Seltzer claims that real workloads will experience the same degradation seen for the benchmarks, but this is not the case. In fact, real workloads are likely to see much greater performance degradation than Seltzer measured, because the benchmarks really measure the performance of very large files; small files tend to suffer more from fragmentation than large files.
The reason for this is explained in Section 5.2 of the paper. In FFS the free space in a cylinder group is unevenly distributed. The first part of a cylinder group tends to be highly fragmented (only a few free blocks distributed far apart), and most of the free space is concentrated at the end of the cylinder group. As explained in Section 5.2, small files tend to be allocated entirely from the beginning of the cylinder group so they are likely to be fragmented. Large files, on the other hand, may consume all of the fragmented free space and have most of their blocks allocated from the more concentrated free space at the end of the cylinder group. Thus large files have better layout than small files. The authors of the paper measured this effect and the measurements appeared in earlier drafts of the paper (these measurements were dropped from the final draft, but I believe that they are available in reference 12 cited by the paper).
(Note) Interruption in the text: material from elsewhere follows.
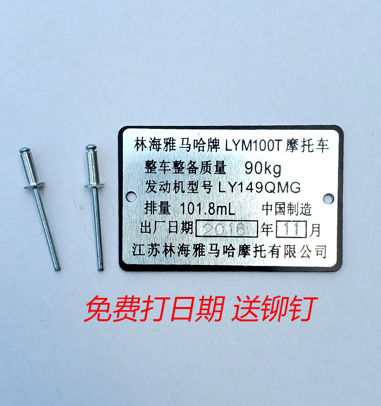 适用雅马哈巧格ZY100铭牌车架吊牌踏板摩托车铝牌拍下送铆钉,浙江 台州
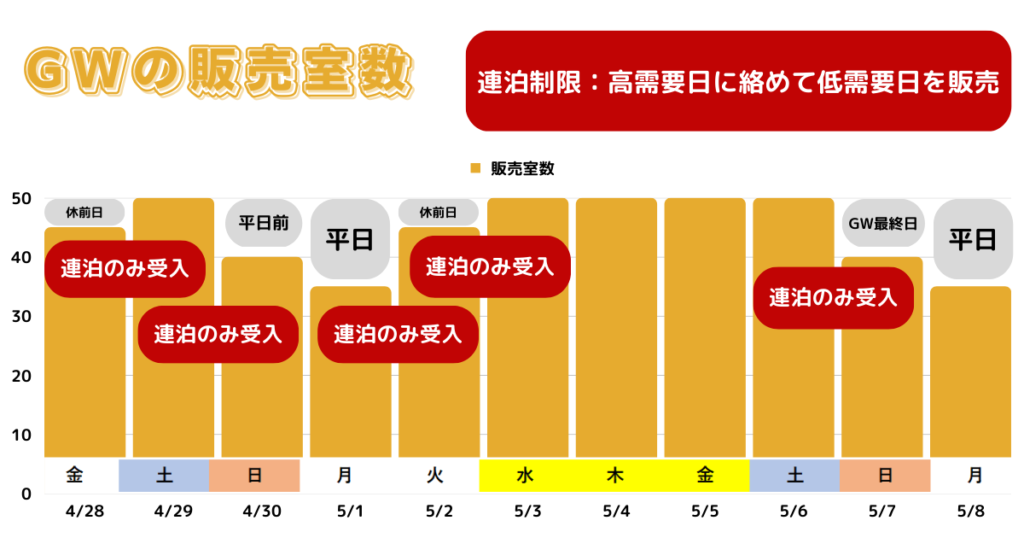 高需要日はかなり早い段階で予約されているのですから、高需要日の前後を連泊プランにして、GWの販売プランを連泊に制限するのはどうでしょう。

Consider the benchmark used in Section 5.3, which creates a large number of files of a given size and measures the throughput. The problem is that the benchmark writes 25 files in a row to a single directory without deleting any files. All 25 of these files will probably fall in the same cylinder group. The first files will consume all of the cylinder group's fragmented space, and the later files will all be allocated in the "good" space at the end of the cylinder group, just as if a single very large file had been written.
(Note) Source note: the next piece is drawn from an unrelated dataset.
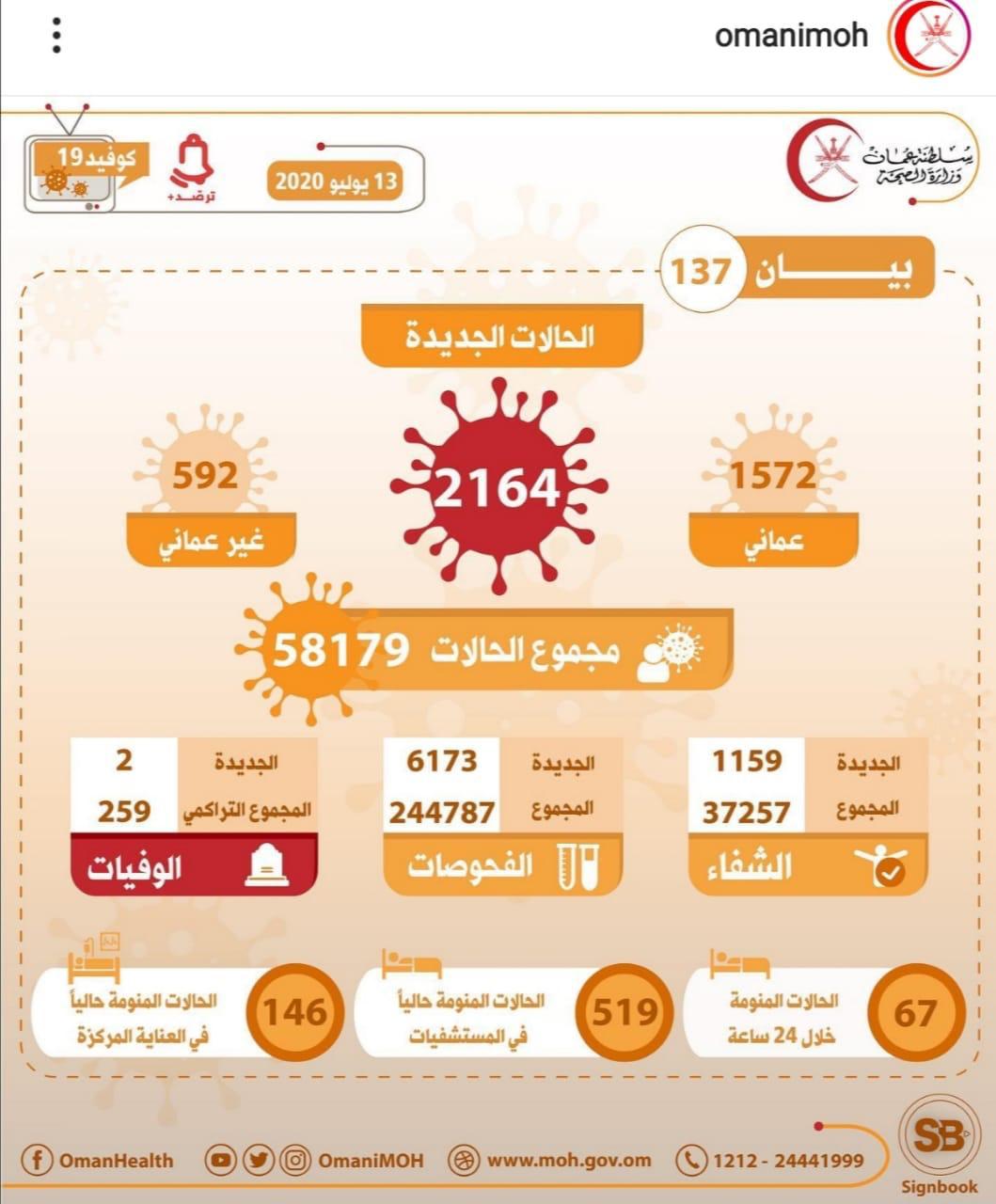 حالات الإصابات الجديدة بفيروس كورونا المستجد بولاية شناص

Now compare this to real workloads. It is unlikely in practice for 25 new files to be created without any intervening deletes. Real workloads tend to have interspersed creates and deletes, so that new space is constantly being freed throughout the cylinder group and the fragmented free space is never consumed as in the benchmark.
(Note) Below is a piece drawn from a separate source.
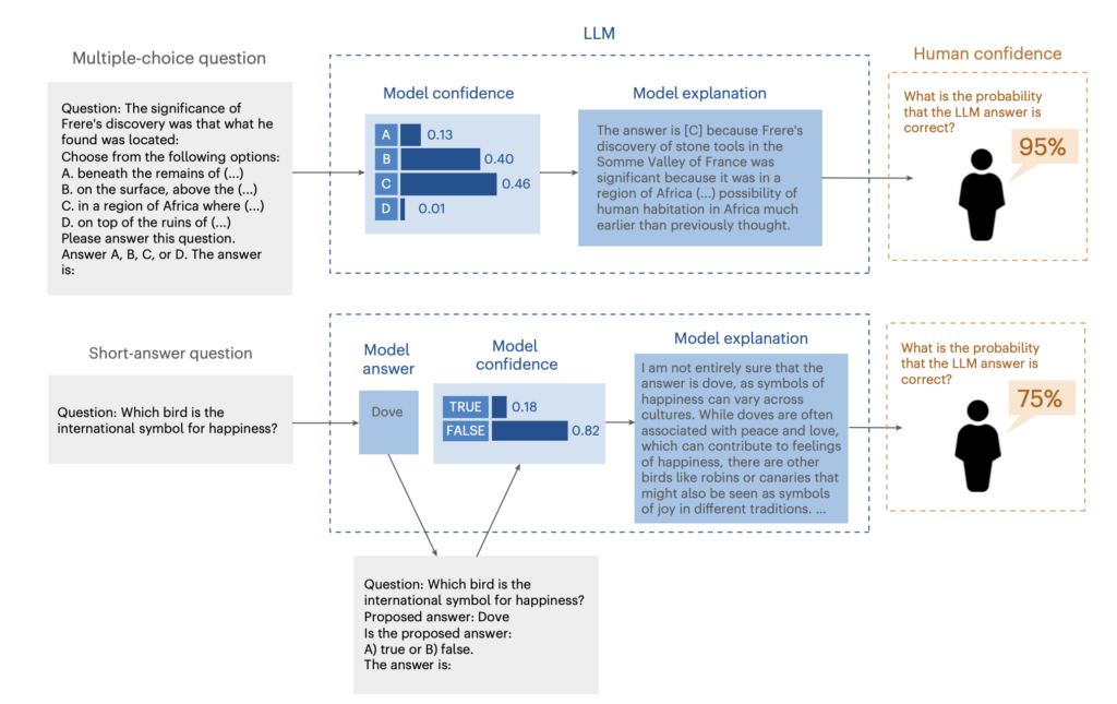 Aby zbadać te luki, naukowcy przeprowadzili serię eksperymentów behawioralnych z udziałem setek uczestników i trzech różnych modeli LLM (GPT-3.5, PaLM2, GPT-4o). Uczestnikom prezentowano odpowiedzi modeli na pytania wielokrotnego wyboru oraz pytania otwarte. Ich zadanie było proste: przeczytać wyjaśnienie i ocenić w skali procentowej, jak bardzo są pewni, że odpowiedź modelu jest prawidłowa.

Since the benchmark in Section 5.3 writes 25 files in a row, it is really measuring the fragmentation for files about 25 times as large as those actually used. For example, Section 5.3 used three file sizes: 8KB, 64KB, and 1MB. The 8KB case is really equivalent to writing a single 200KB file, and the 64KB case is equivalent to a single 1.5MB file. Thus the benchmark doesn't really measure small file performance at all (in practice, less than 5% of all files are larger than 200 KB and only about half of all bytes transferred are to files larger than 200 KB). Small-file fragmentation is much worse than large-file fragmentation, so the real-world degradation for 8KB and 64KB files is likely to be worse than Seltzer reports.
There is also a second problem with Section 5, having to do with 8 KB files. Figure 8 shows a performance degradation of a few percent for 8 KB files, but in fact there should be none: 8 KB files occupy only a single block on disk so contiguous block allocation isn't even an issue. It is not obvious to me why there should be any degradation at all for 8KB files; in any case, it would be better to use 16KB files as an example of the smallest files where fragmentation is an issue.
The other problematic section of the paper is Section 4, which uses a transaction processing workload to compare LFS to FFS. I believe that the results in this section don't make sense without further explanation; until they can be explained I think they should be viewed with skepticism.
The problem with the results in Figure 7 is that LFS shows almost no variation in performance as the disk utilization changes. This benchmark is a pathological case for LFS due to its random access patterns, and I believe that its performance should be very sensitive to disk utilization. See, for example, Figure 4 of the original LFS paper by Mendel Rosenblum (in ACM Transactions on Computer Systems, February 1992).
Seltzer attempts to explain the performance by doing two back-of-the-envelope calculations near the end of Section 4; ultimately she claims that there is only a 10% gap between expected and measured performance. Unfortunately, though, this calculation fails to include two important factors: variation in utilization and the short lifetimes of the indirect blocks. These are explained in the subsections below. In fact, the expected LFS performance is 25-30% higher than what was measured.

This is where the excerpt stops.